> EXERCISE DESCRIPTION:
Given the records below, would you repeat exactly the lines that begin at the one containing "Червона риба містить" and end at the one containing "Kadın Taba Tokalı Süet Deri Comfort Loafer", inclusive?

> DATASET RECORDS:

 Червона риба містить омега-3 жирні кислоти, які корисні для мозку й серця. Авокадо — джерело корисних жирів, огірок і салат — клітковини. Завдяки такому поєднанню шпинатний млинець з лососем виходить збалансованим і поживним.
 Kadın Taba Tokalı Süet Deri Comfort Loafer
...
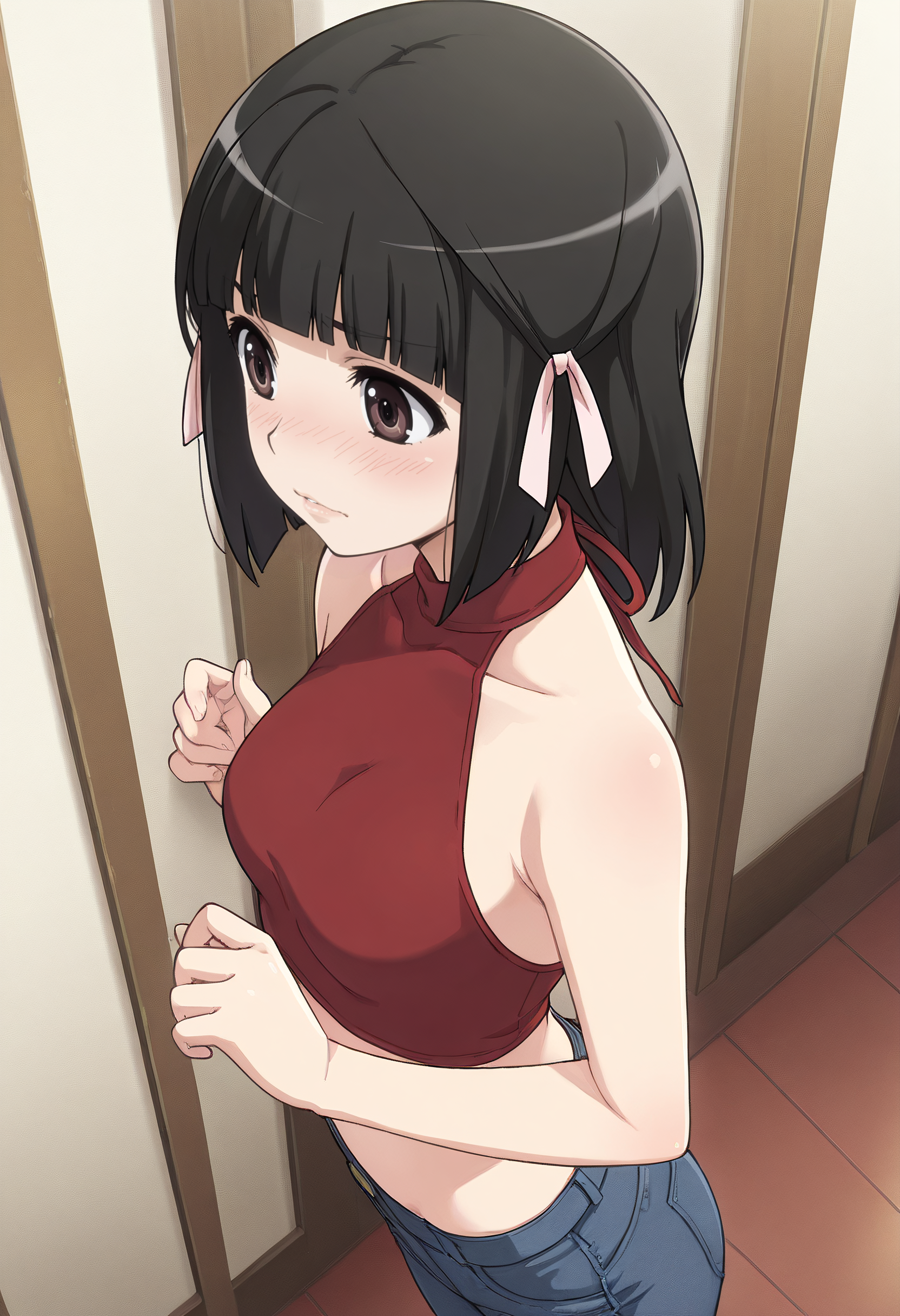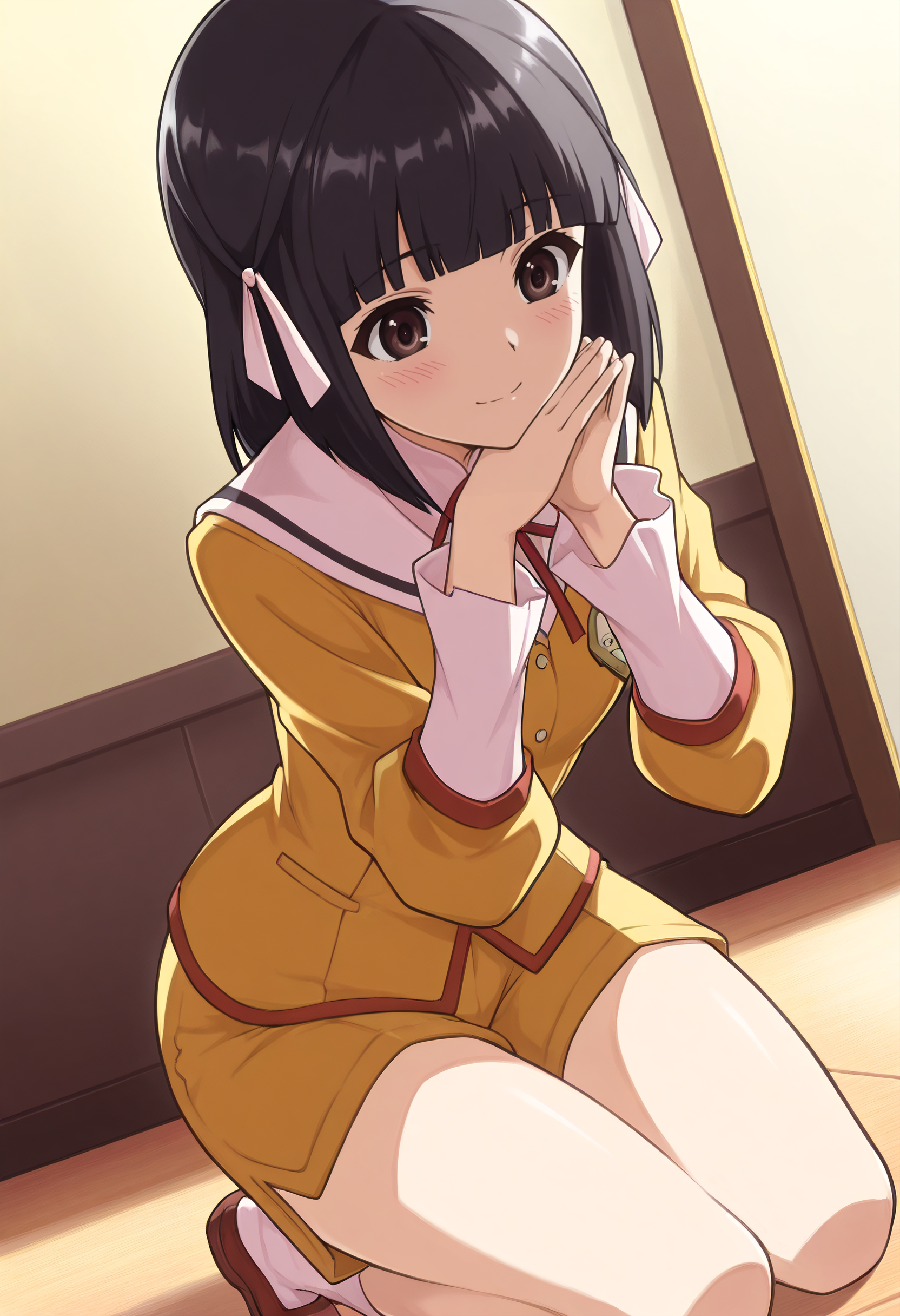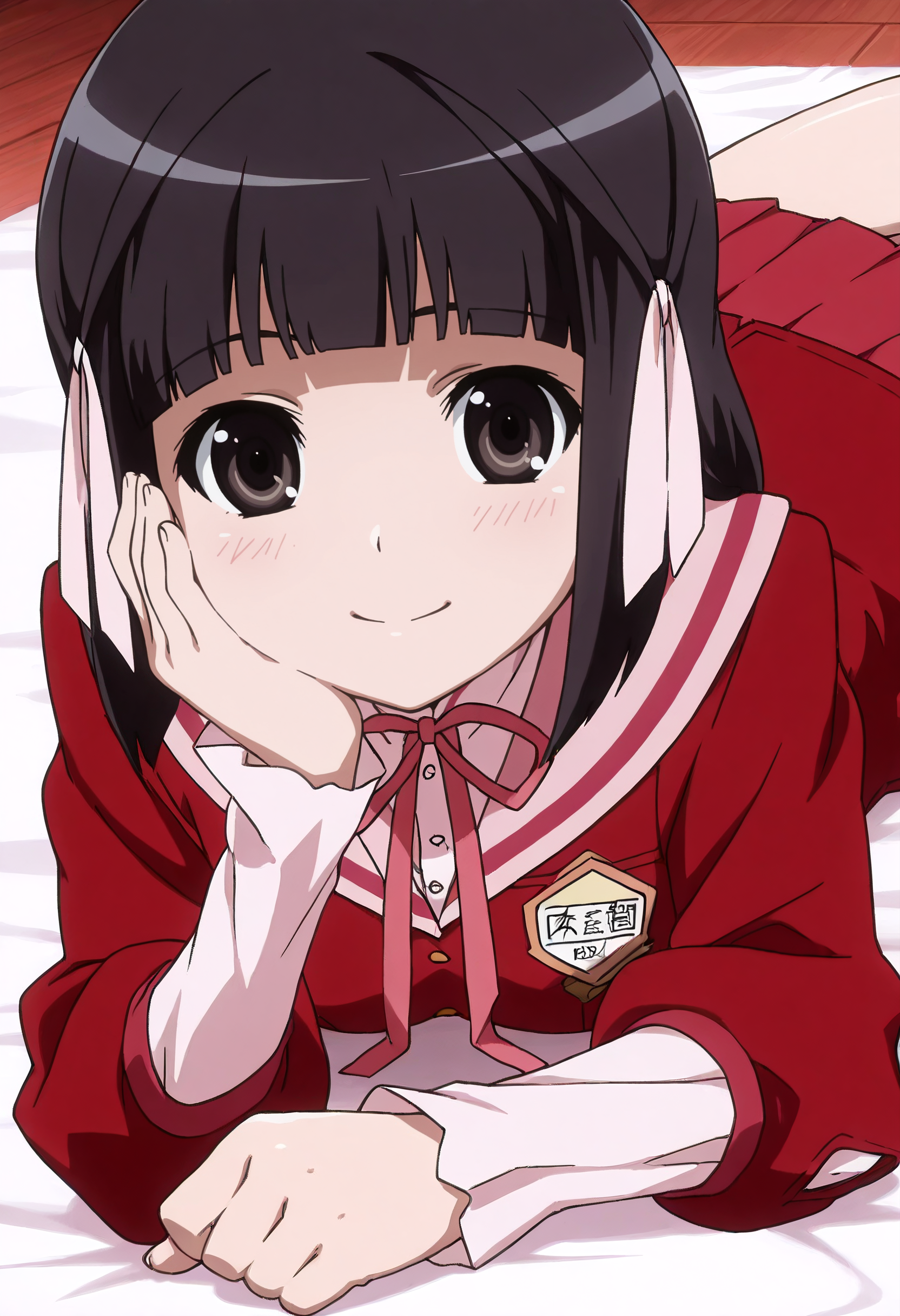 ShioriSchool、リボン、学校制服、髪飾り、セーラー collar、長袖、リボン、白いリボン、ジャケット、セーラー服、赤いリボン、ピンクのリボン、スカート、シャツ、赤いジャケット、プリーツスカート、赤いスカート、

> RESPONSE TO THE EXERCISE:
 Червона риба містить омега-3 жирні кислоти, які корисні для мозку й серця. Авокадо — джерело корисних жирів, огірок і салат — клітковини. Завдяки такому поєднанню шпинатний млинець з лососем виходить збалансованим і поживним.
 Kadın Taba Tokalı Süet Deri Comfort Loafer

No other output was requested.